As more employees join health savings accounts to offset the rising healthcare costs, benefits managers need to educate them that these same funds can be saved to supplement Medicare during their retirement years — and even as a rainy day account instead.
“We’re starting to see people cut up their HSA card and not use it at the pharmacy or doctor and they will negotiate prices more,” said Eric Remjeske, president of Devenir, who spoke recently at Employee Benefit News’ Benefits Forum & Expo in Boca Raton, Fla.
Instead, some HSA participants are using their personal credit card to earn frequent flyer points and “save those dollars and put them in an investment that is growing in a supplemental retirement plan,” said Remjeske.
“We are seeing that to be a powerful tool for people to consider. Retirement experts are starting to see this as a great parallel to the 401(k) investment,” he added.
There is plenty of money in HSAs that can be used as investments instead of their intended use for deflecting the costs of healthcare expenses from high deductible health plans.

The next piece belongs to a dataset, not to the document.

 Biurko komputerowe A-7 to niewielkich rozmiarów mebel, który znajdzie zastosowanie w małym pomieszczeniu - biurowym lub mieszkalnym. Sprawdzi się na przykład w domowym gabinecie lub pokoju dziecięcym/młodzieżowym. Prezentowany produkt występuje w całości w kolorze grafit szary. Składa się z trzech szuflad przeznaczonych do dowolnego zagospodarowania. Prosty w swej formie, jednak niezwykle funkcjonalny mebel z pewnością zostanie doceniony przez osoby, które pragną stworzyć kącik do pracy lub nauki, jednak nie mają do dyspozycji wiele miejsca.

That said, only a small percentage of HSA participants invest their funds.
According to John Young, SVP consumerism and strategy at consumer-driven healthcare provider Alegeus, who also presented at the panel, there is an estimated $45 billion in HSA assets. Meanwhile, there is $6.9 billion dedicated to investments and $37.6 billion in deposits, according to research from Devenir. In 2006, total HSA assets were $1.7 billion.

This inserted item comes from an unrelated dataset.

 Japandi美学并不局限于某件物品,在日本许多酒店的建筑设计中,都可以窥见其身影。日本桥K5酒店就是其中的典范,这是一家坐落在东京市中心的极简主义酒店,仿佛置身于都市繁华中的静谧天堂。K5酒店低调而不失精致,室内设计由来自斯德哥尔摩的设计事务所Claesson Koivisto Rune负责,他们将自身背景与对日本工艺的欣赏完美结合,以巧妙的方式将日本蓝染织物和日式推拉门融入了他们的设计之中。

Devenir estimates that HSA assets will reach $53.2 billion next year with $8.8 billion dedicated to investments and $44.4 billion in deposits.
Hop in the sidecar
Instead of using an HSA for medical expenses throughout the year, employees could be urged to use the account for retirement especially for escalating healthcare costs that are not covered by Medicare. Young brought up the theory of a “sidecar HSA” that works alongside a traditional 401(k).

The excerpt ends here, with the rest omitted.